Before we go further with these ruminations, however, we do well to ask if you recognize a confinement of a similar sort in your own life - not a cell marked by iron bars or prison locks, but an occasional feeling that you are trapped by a sense of meaninglessness, of loneliness, of being cut off from everything that seems alive, of an inability to truly live in the midst of all the living that is going on around you?  Do questions haunt your quiet hours - questions about past decisions, past actions, past speech - or questions concerning how to get free from a burdensome present or a misspent past in the interests of making a better future?  These cells of solitary confinement are felt occasionally in every life in one form or another.  Dietrich Bonhoeffer made the profound observation that sin (and all its companions) loves to have us to itself, to keep this oppressive sense of inability to be what we ought to be secret and hidden from anybody other than ourselves.  Sin loves to insist that nobody else could ever understand those deep inner, hidden parts of our lives where doubts and questions concerning the possibility of ever ridding ourselves of an unwanted past trouble our very soul; where things of which we are deeply ashamed fester within us until they create a sickness that borders on - or, in fact is - a living death, a miserable cell of solitary confinement.  In that cell our future seems bleak because our past has created such an impossible maze of blind alleys.
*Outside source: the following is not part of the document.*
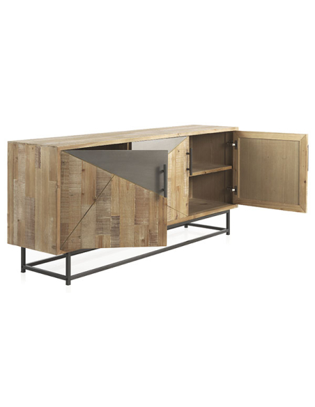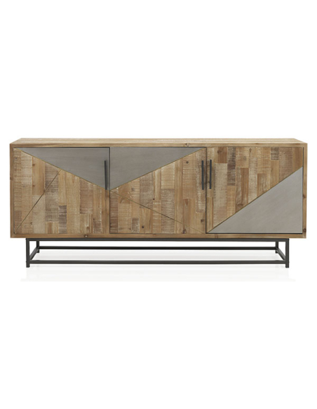 Aparador Cancún madera abeto con base en tubo metálico, una fusión perfecta entre estilo y funcionalidad. Este elegante mueble presenta una base robusta de tubo metálico que garantiza estabilidad y durabilidad. El frente del mueble está adornado con una cautivadora decoración con recortes grises. Los tiradores verticales metálicos en color gris oscuro complementan perfectamente el diseño, proporcionando un contraste sutil pero impactante. Con tres puertas con estantes, este aparador ofrece un espacio conveniente para organizar tus dispositivos multimedia, consolas de juego y otros accesorios. Además de su estética impresionante, la funcionalidad es una prioridad, permitiéndote mantener tu área de entretenimiento ordenada y bien organizada.
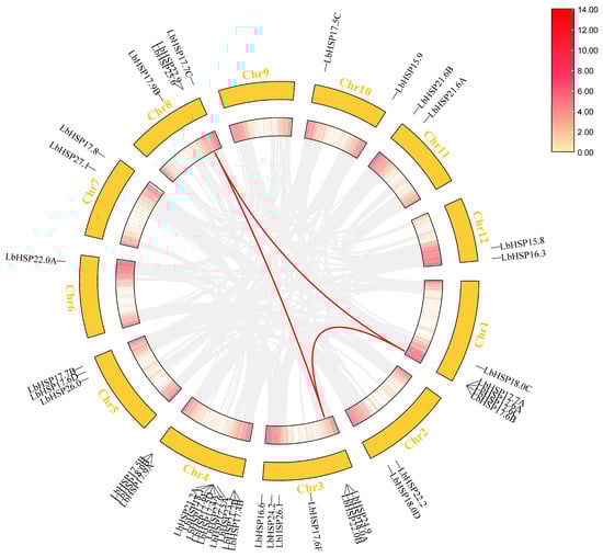 Chromosomal localization and covariance analysis of the LbHsp20 gene. Chromosome distribution map: distribution of Hsp20 genes on LBP chromosomes, numbers indicate gene positions; intragenomic covariance: red lines connecting Hsp20 gene pairs with covariance, highlighted; red lines in the boxes represent gene densities.

Or, if it is not our own past that haunts us (although it is hard to imagine anyone who is not so haunted at least on occasion), it may be the present that imprisons us, creating our doubts and fears and concerns.  No more than a casual reading of the newspapers or a momentary ear to the radio or an eye on the TV brings to mind the questions about how God can claim to be good and upright and noble while the misery of the world seemingly goes unnoticed and unattended by him.  Where is he in the midst of the refugees, the oppressed, the homeless, the orphans, the lonely, the victims of war, all the innocents who are caught in the cross-hairs of the world's terrors?  If God is who he says he is - and as we want him to be, for that matter - why does he not do something?  Is this, perhaps, the cell of your questions and doubts from which you send out disciples asking, "Are you the one who is to come, or shall we look for another?"  Surely we recognize John's question, do we not?  If Jesus is who John said he was, then things should turn out more like John (and we) thought (or think) it should be.  It is our own question spoken from the dark inside of John's cell - and the cell within which our lives are lived today.

Jesus' response

Jesus responds with what he seems to have considered a clear answer to John's question.  "Go and tell John what you hear and see: the blind receive their sight and the lame walk, lepers are cleansed and the deaf hear, and the dead are raised up, and the poor have good news preached to them.  And blessed is the one who is not offended by me."  His response has its origin in words such as those spoken by the prophet Isaiah in the First Lesson we heard today.  John knew those words and others like them, but somehow they had been twisted in the passionate will of John to bring the Kingdom of God into fruition in his own way through the ministry entrusted to him . . . by being sure that tax collectors acted justly, that soldiers should act with an understanding that their power does not give them the right to pursue their own personal interests, and that those who have plenty recognize that the privilege granted them was the occasion for charity.  John's vision was that he and the one who came after him were to be Enforcers of Worldly Change.  He had lost the vision of Isaiah and the prophets who pointed to a one coming through whom people would be able to see through and beyond the horrors of this world . . . to see into the world where God's grace and mercy ran deep and wide, where "they shall see the glory of the Lord, the majesty of our God," to use the words of today's First Lesson.  "Tell John what you hear and see." 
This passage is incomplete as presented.